Les critiques de Joe Biden à l'égard d'Erdogan suscitent la colère de la Turquie, qui accuse le candidat démocrate d'être « interventionniste »

Une vieille vidéo du leader démocrate Joe Biden, qui se présente à la Maison Blanche pour les élections de novembre, a provoqué un barrage de critiques et de troubles en Turquie. Biden, dans une interview enregistrée par le journal américain The New York Times en décembre 2019, a ouvertement critiqué le président turc Recep Tayyip Erdogan, qui l'a qualifié d' « autocrate » et a condamné sa politique à l'égard de la population kurde.
« Nous devrions adopter une approche très différente avec Erdogan, faire savoir clairement que nous soutenons les chefs de l'opposition », a déclaré le leader démocrate.
Bien que l'interview ait été publiée sur papier en 2019, ce n'est que maintenant, lorsque la vidéo a été rediffusée sur les réseaux, qu'Ankara a réagi aux déclarations de Biden.

Comme le rapporte l'agence de presse AFP, Mevlüt Cavusoglu, le ministre turc des affaires étrangères, a vu dans ces déclarations un aveu de l'implication des Etats-Unis dans la tentative de coup d'Etat manquée contre Erdogan en juillet 2016. À cette époque, Biden était le vice-président de l'administration de Barak Obama.
« Je continue de croire que si nous nous engagions (avec l'opposition) plus directement comme je l'ai fait avec eux, nous pourrions soutenir les éléments du leadership turc qui existent encore et en faire davantage et les encourager à affronter et à vaincre Erdogan », a déclaré Biden.
Le porte-parole du président turc, Ibrahim Kalin, a menacé samedi l'ancien vice-président sur son compte Twitter : « Vous en paierez le prix », ajoutant que « l'analyse de Joe Biden sur la Turquie est basée sur l'ignorance, l'arrogance et l'hypocrisie pures ».
La veille, le directeur de la communication de la présidence turque, Fahrettin Altun, avait dénoncé sur ce même réseau social les « attitudes interventionnistes » de Biden et de Washington. « Ces commentaires ne sont pas conformes à la démocratie et à la nature des relations turco-américaines », a-t-il ajouté. Altun a rappelé que les Etats-Unis sont un allié d'Ankara au sein de l'OTAN et que « la Turquie ne sera jamais un pays qui peut être utilisé comme un outil pour des jeux politiques ».
L'opposition turque n'a pas non plus accueilli favorablement ces déclarations. Accusés d'être à la solde de puissances étrangères, les membres du principal parti d'opposition, le Parti républicain du peuple, se sont empressés, selon l'AFP, de défendre la « souveraineté turque » et de prendre leurs distances avec les manifestations de Joe Biden.

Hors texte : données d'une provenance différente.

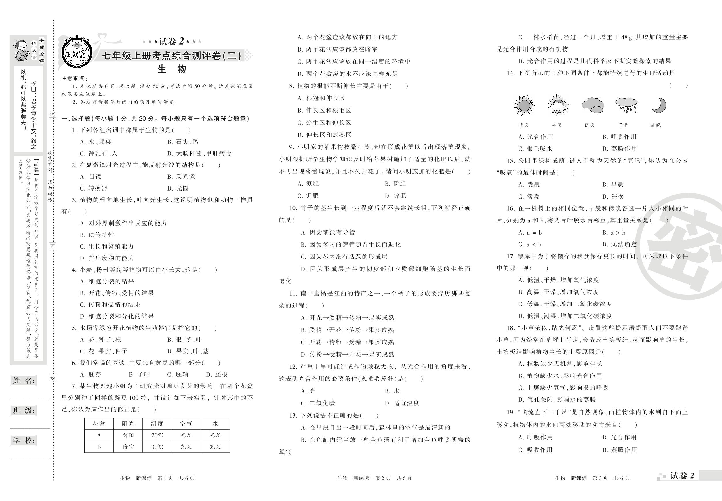 王朝霞期末测评卷——考点综合测评卷(二)七年级上册生物(新课版)【2】

Erdogan a travaillé ces dernières années pour cultiver de bonnes relations avec son homologue américain, et les déclarations du leader turc contre Barack Obama sont fréquentes. Les relations entre Ankara et Washington sont devenues tendues pendant le second mandat d'Obama (2012-2016), principalement en raison des désaccords sur la Syrie et des attaques croissantes contre les libertés en Turquie.
Les opérations anti-terroristes menées par la Turquie en 2019 dans le nord de la Syrie ont provoqué une augmentation des tensions entre Ankara et Washington, mais les relations étroites entre Erdogan et Donald Trump, ainsi que les efforts de la Maison Blanche pour neutraliser l'action du Congrès américain contre la Turquie, ont contribué à résoudre ces tensions.

Trump lui-même s'est porté à la défense d'Erdogan suite à la vidéo controversée de Biden et a désigné le leader turc comme « un joueur d'échecs de classe mondiale en matière de politique étrangère ». Dans un discours sur Fox News, le président américain a émis une série de critiques sévères à l'encontre de son rival dans la course à la présidence : « Biden ne pouvait pas se battre contre ces gens dans une arène où se trouvaient des dirigeants mondiaux très astucieux ».
Ces derniers jours, les États-Unis ont dénoncé les activités de la Turquie en Méditerranée orientale. Un groupe de sénateurs a demandé au secrétaire d'État Mike Pompeo d'exiger qu'Ankara mette fin à ses provocations contre la Grèce et Chypre.